Для того, чтобы попытка прославления Сталина ему удалась, у такого поэта, как Мандельштам, мог быть только один путь: это попытка должна была быть искренней. Точкой опоры для мало-мальски искренней попытки примирения с реальностью сталинского режима для Мандельштама могло быть одно только чувство: надежда.
Если бы это была только надежда на перемены в его личной судьбе, тут ещё не было бы самообмана. Но, по самой природе своей души озабоченный не только личной своей судьбой, поэт пытается выразить некие общественные надежды. И тут-то и начинается самообман, самоуговаривание.
Когда-то давным-давно (в статье 1913 года) Мандельштам написал, что поэт ни при каких обстоятельствах не должен оправдываться. Это, говорил он "… непростительно! Недопустимо для поэта! Единственное, что нельзя простить! Ведь поэзия есть сознание своей правоты." О. Мандельштам открыто провозглашал готовность принять мученический венец "за гремучую доблесть грядущих веков, за высокое племя людей." Демонстративно славил он всё то, что у него никогда не было, лишь бы утвердить свою непричастность, свою до конца осознанную враждебность "веку-волкодаву".
Для Пастернака петровская дыба, призрак которой неожиданно воскрес в ХХ веке, была всего лишь нравственной преградой на пути духовного развития. Вопрос стоял так: имеет ли он моральное право через эту преграду переступить? Ведь и кровь и грязь – всё это окупится будущим богатством, "счастьем сотен тысяч"!
Душе Мандельштама плохо давались эти резоны, потому что в качестве объекта пыток и казней он неизменно пророчески видел себя.
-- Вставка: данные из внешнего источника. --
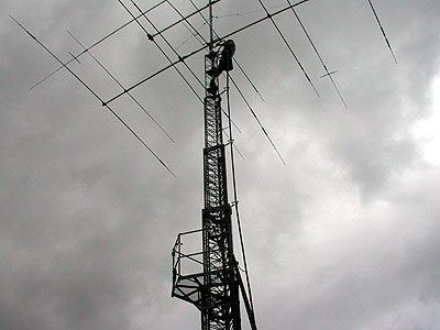 アンテナが上がったら、ケーブル処理。同軸4本、リレー切替1本、ローターケーブル1本の6本をまとめてテーピングする。 まとめたケーブルをガイドに通す。 1日目の作業はここまでで日没となった。 |
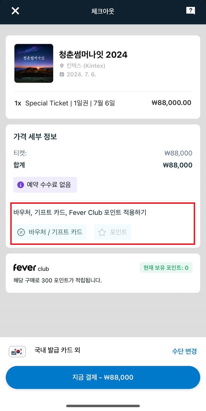 * 모바일 스토어(구글플레이어,애플스토어) - fever 검색 - 청춘써머나잇 - 프로필 - 바우처 - 코드입력 - 예매 - 바우처 쿠폰등록 - 할인가 결제

Я на лестнице чёрной живу, и в висок
Ударяет мне вырванный с мясом звонок.
И всю ночь напролёт жду гостей дорогих,
Шевеля кандалами цепочек дверных.
Ещё страшнее было то, что несло гибель его душе, делу его жизни, поэзии. Может ли найтись для поэта перспектива более жуткая, чем "присевших на школьной скамейке учить щебетать палачей". Мандельштам не хотел быть "как все". И тем не менее, как это не парадоксально, в какой-то момент он тоже захотел "туда со всеми сообща". Вопреки всегдашней трезвости и безыллюзности он даже ещё острее, чем Пастернак, готов был ощутить в своём сердце любовь и нежность к жизни, прежде ему чужой. Потому что из этой жизни его насильственно выкинули. Осознав, что его лишили права чувствовать себя "советским человеком", Мандельштам вдруг с ужасом ощутил это как потерю. Чувство это было реальное. И он ухватился за него, как утопающий за соломинку. Он ещё не понимал. Что с ним произошло. Он думал, что он – всё тот же несломленный. А "блестящий расчёт" тем временем уже давал в его душе первые всходы. И губы лепили уже совсем другие слова:
Да, я лежу в земле, губами шевеля,
Но то, что я скажу, заучит каждый школьник:
На Красной площади всего круглей земля
И скат её твердеет добровольный…
Сталинская тюрьма (или ссылка) представляла особый случай. Здесь сам факт насильственного изъятия из жизни сразу отнимал у заключённого право на сочувствие. Отнимал даже право на жалость. Мандельштам столкнулся с этим по дороге в Чердынь, сразу же после ареста. Мандельштам с ужасом ощутил, что фактом ареста его обрекали на полное, абсолютное отщепенство.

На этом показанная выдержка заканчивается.